Tailings from salt work and a soda work have been pumped into the southern part of Traunsee (bay of Ebensee) for more than 50 years. Solid wastes have accumulated to form a pile > 40 m high with a total volume of > 3 × 106 m3. The sandy silty mud consists of calcite and other phases of CaCO3, brucite, CaO resp. Ca(OH)2 and gypsum. The chemical environment of the mud is characterized by extreme alkaline pore water (pH > 10 up to 12.5; total amount of pore water: 3 × 106 t) and highly negative Eh-values.

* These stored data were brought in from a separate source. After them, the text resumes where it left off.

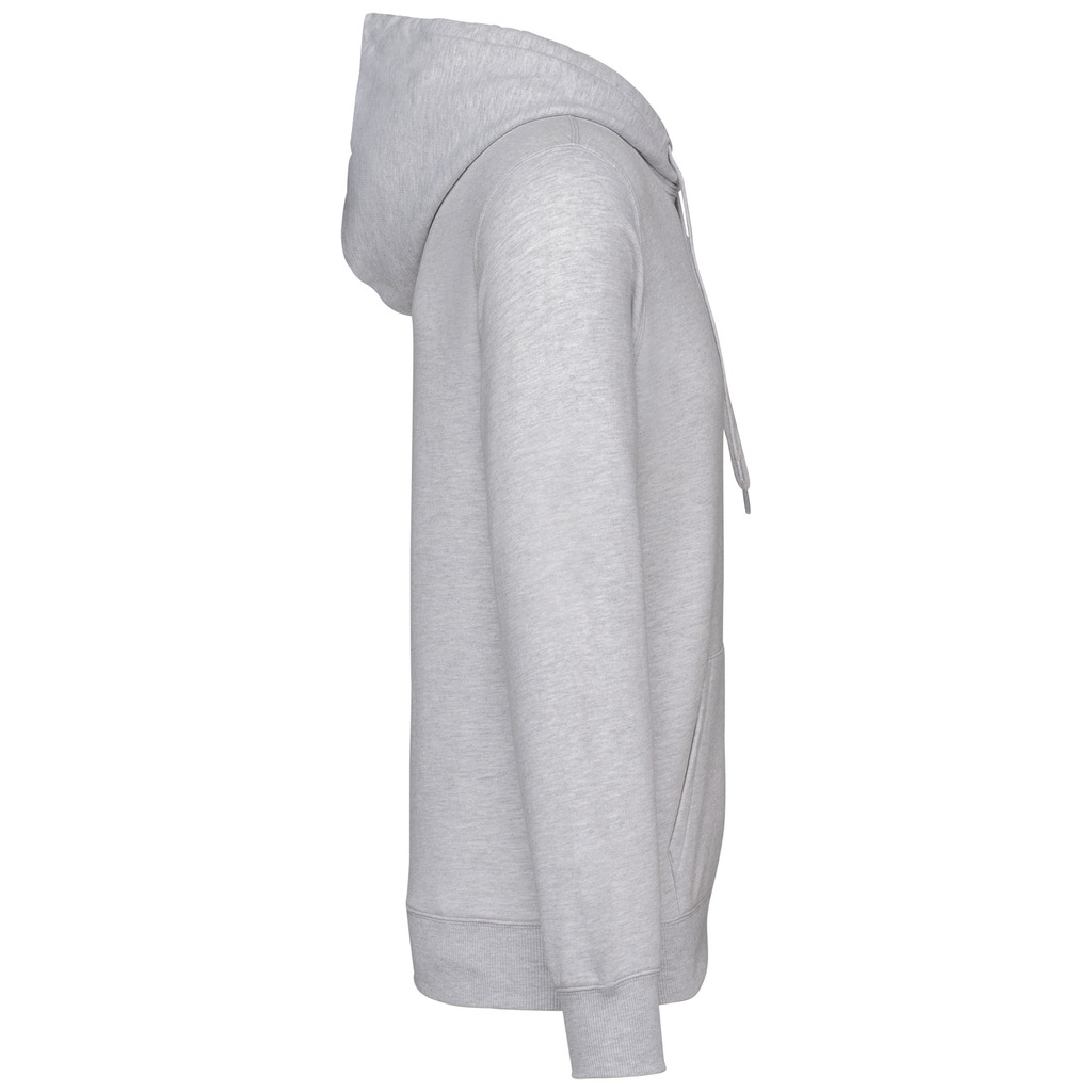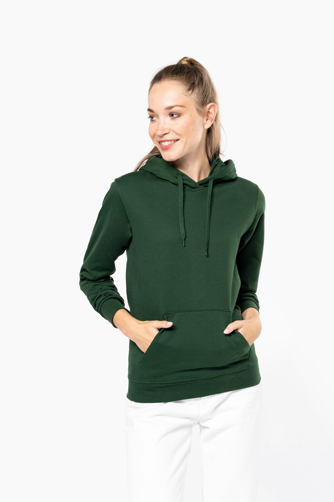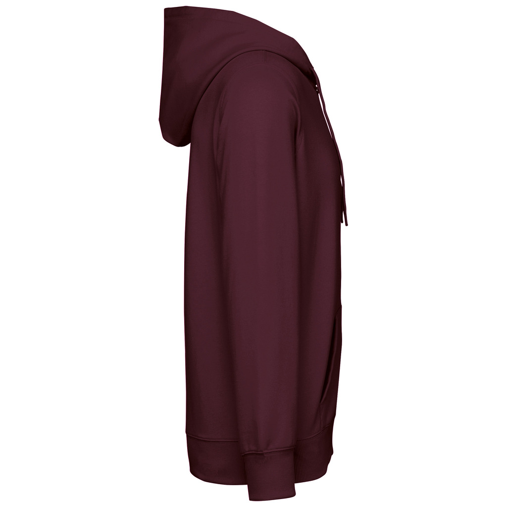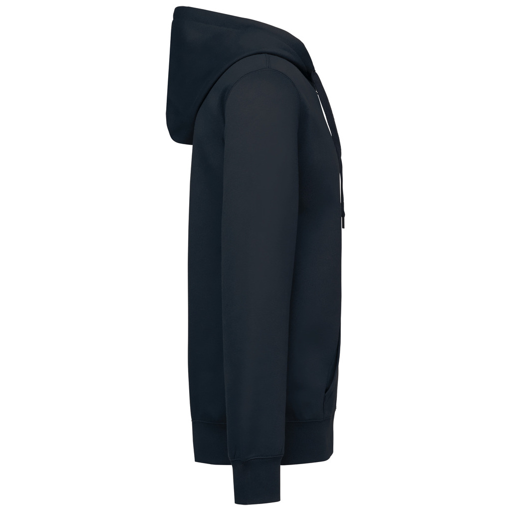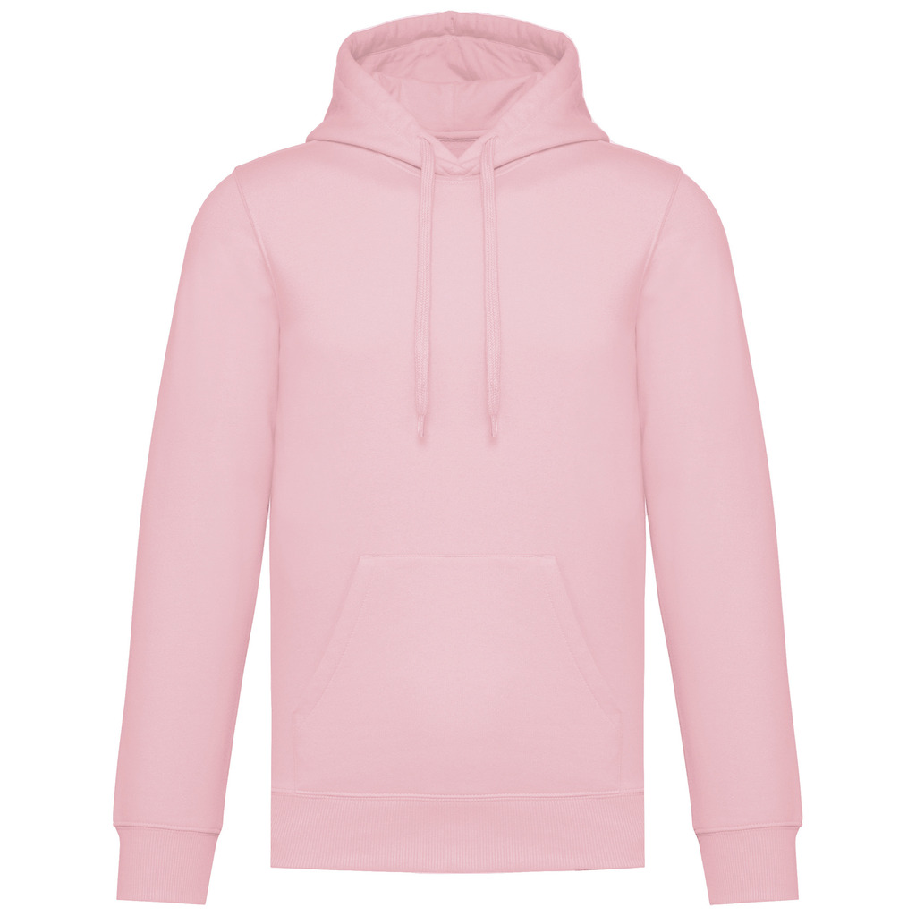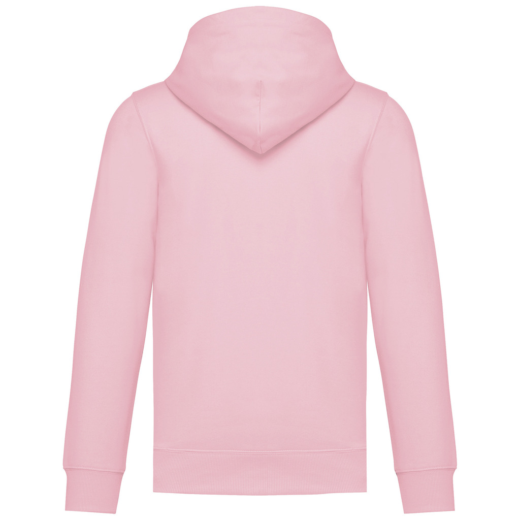 50% algodão ringspun / 50% poliéster reciclado pós-consumo. Interior cardado. Corte direito. Corte e cose. Malha rib 2×1 montagem tubular para melhor acabamento do decote, dos punhos e da bainha. Bolso à canguru. Capuz forrado em poliéster / algodão jersey com cordão de ajuste plano. Tapa-costuras em jersey tom sobre tom no interior do decote. Sem etiqueta de marca no decote, apenas com indicação de tamanho para facilitar a personalização.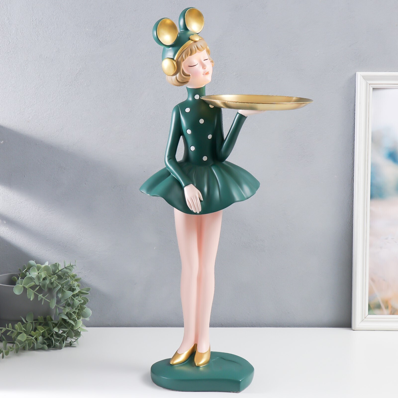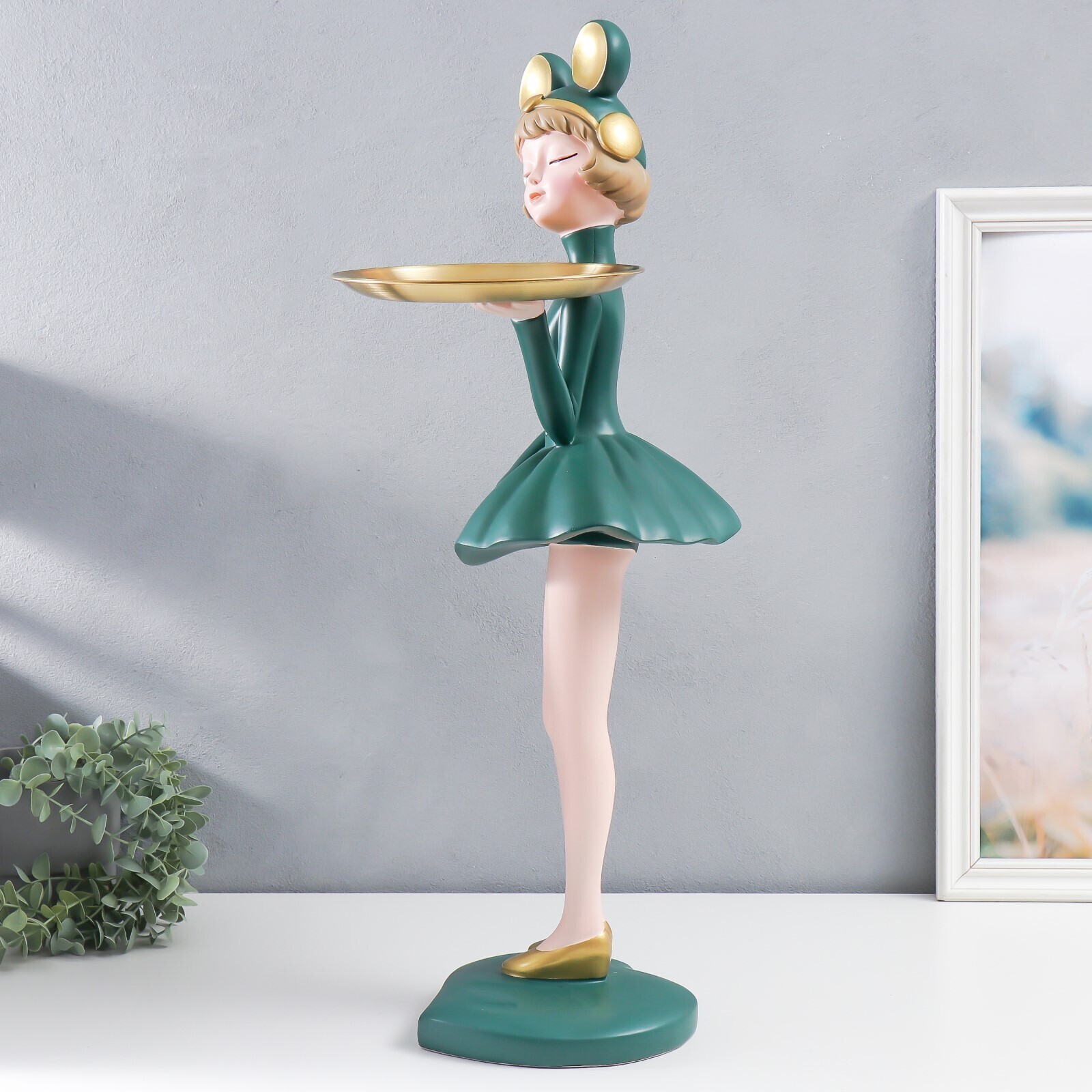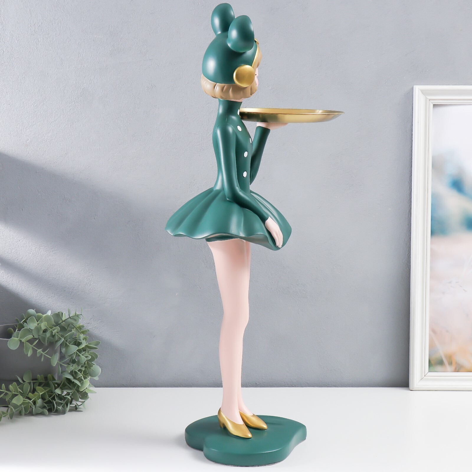 Сувенир полистоун подставка "Девушка ушки мишки" тёмно-зелёный 69х30х25 см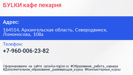 БУLКИ, кафе-пекарня по адресу 164514, Архангельская область, Северодвинск, Ломоносова, 108а в дальнейшем Организация, размещена в следующих категориях: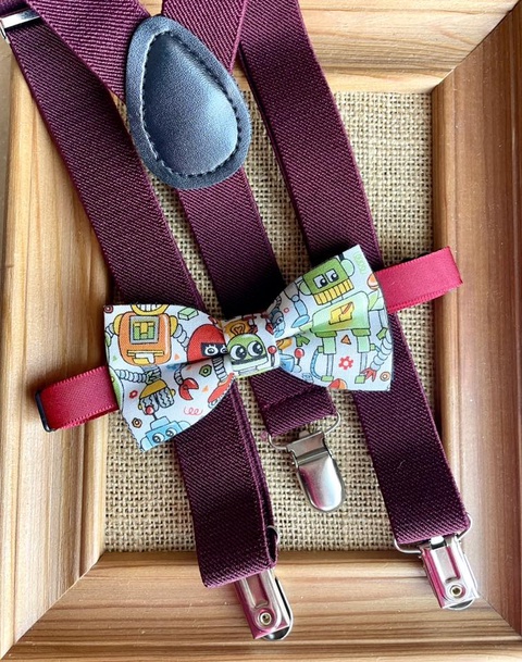 Set pentru copii, papion cu robotei si bretele bordeaux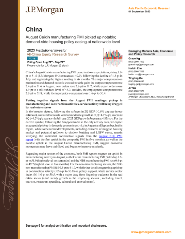【J.P. Morgan】【20230901】中国8月财新制造业PMI显著回升;全国范围内的住房需求侧政策放松-10页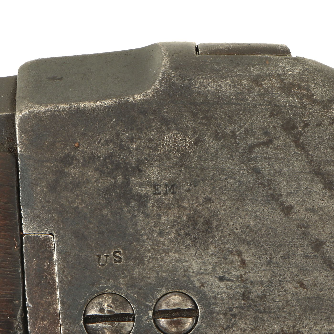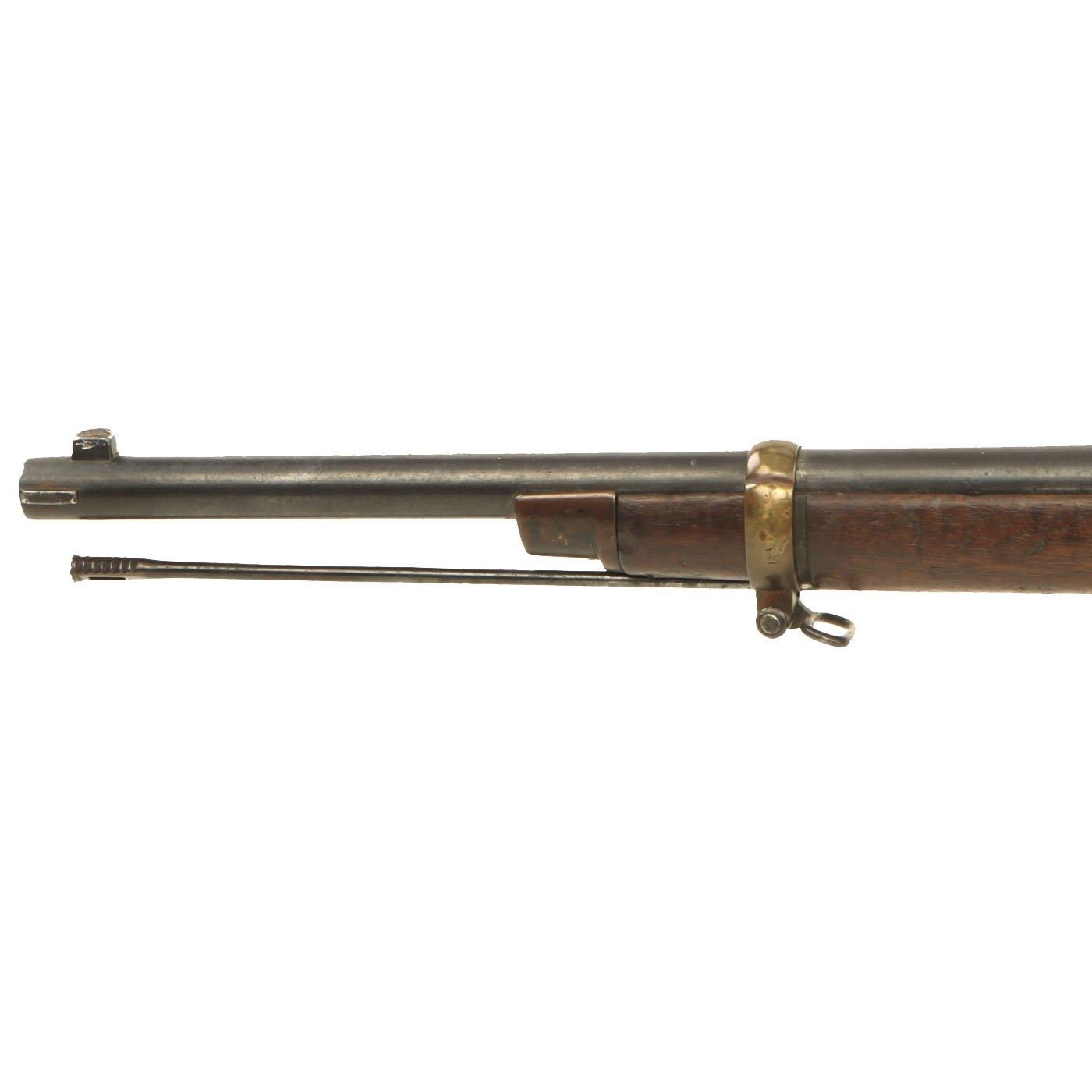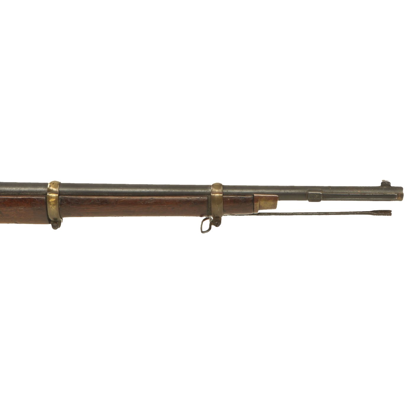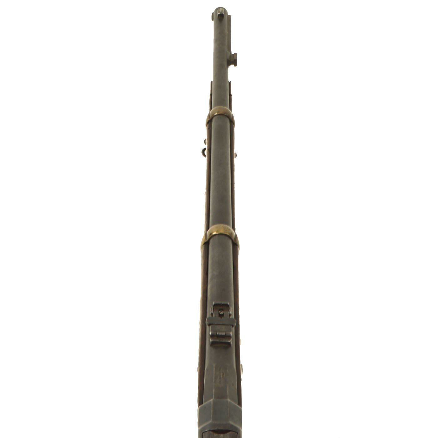 The barrel has a lovely blued finish with some peppering from age. The butt Plate, Nose Cap and barrel bands are brass, while the screws and trigger guard are steel. The two piece wood stock is in good condition, with a nice patina and signs of wear. Comes complete with the original cleaning rod. Bore is in very good condition, with clear lands and grooves, and a mostly bright finish. Just a small amount of darkening is present in some of the grooves. There are proof marks on the receiver and other parts of the gun.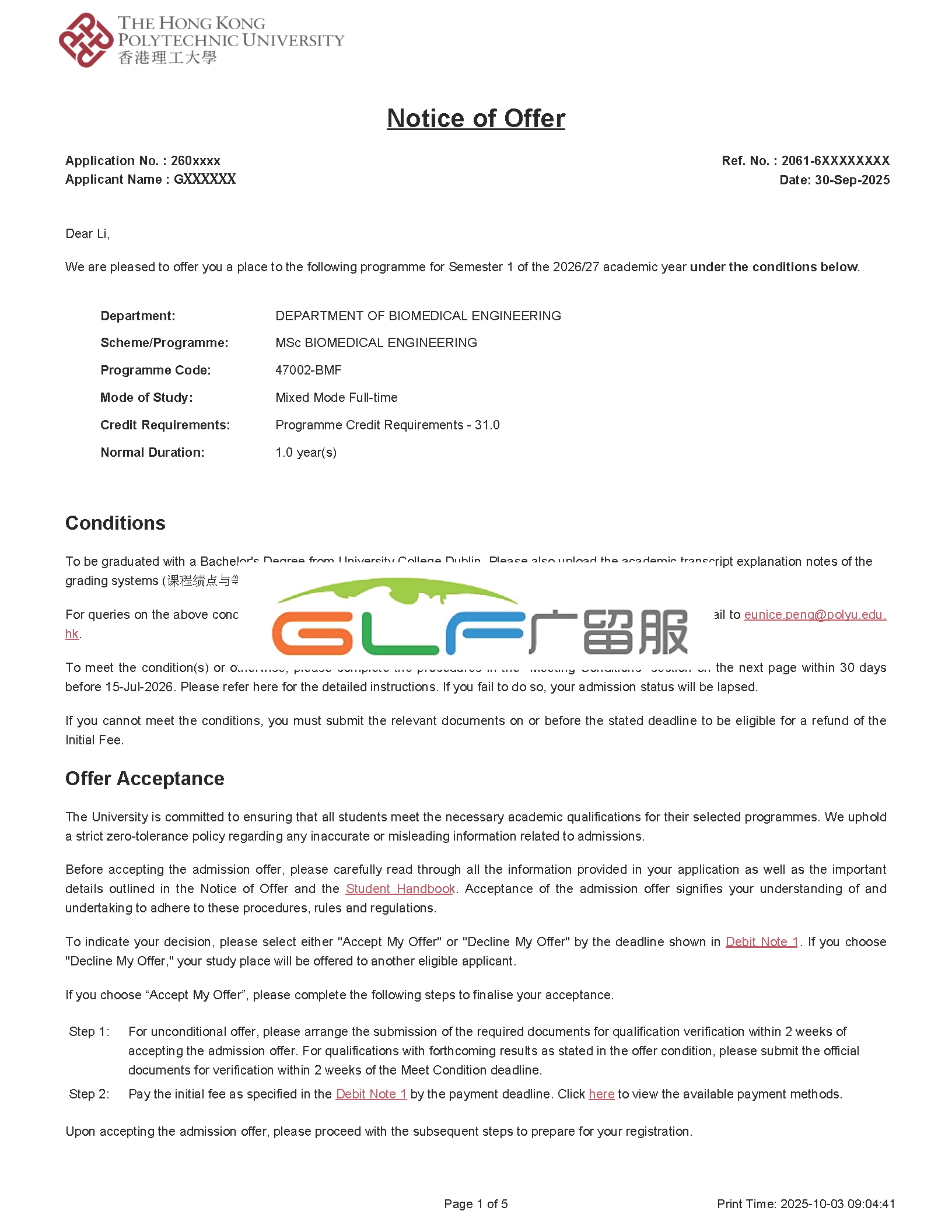 G同学获得香港理工大学首批录取

These values result from the pumped tailings and from postdepositional chemical processes such as dissolution resp. reaction of CaO, brucite and gypsum and precipitation of CaCO3. The high water content of the mud and the steep slopes (> 15°) are responsible for frequent debris flows near the waste inlet, and occasional turbidity currents flow down to the distal basin floor. One particular current may transport up to 4 × 105 m3 of alkaline mud as far as 6 km from the inlet into the profundal basin plain, intercalating with natural lake sediments. Sedimentation rates in the northern part of Traunsee within the last decades are isotopically measured as 0.4–0.5 cm/a. In the central basin the sedimentation rates within the last 50 years are in the range of 2–3 cm/a. Up to 75% of the profundal sediments consist of industrial tailings and turbidites. Thus, within a substantial portion of the profundal zone (about 15%) the benthic fauna and the chemical environment of the sediments are influenced by the alkaline tailings.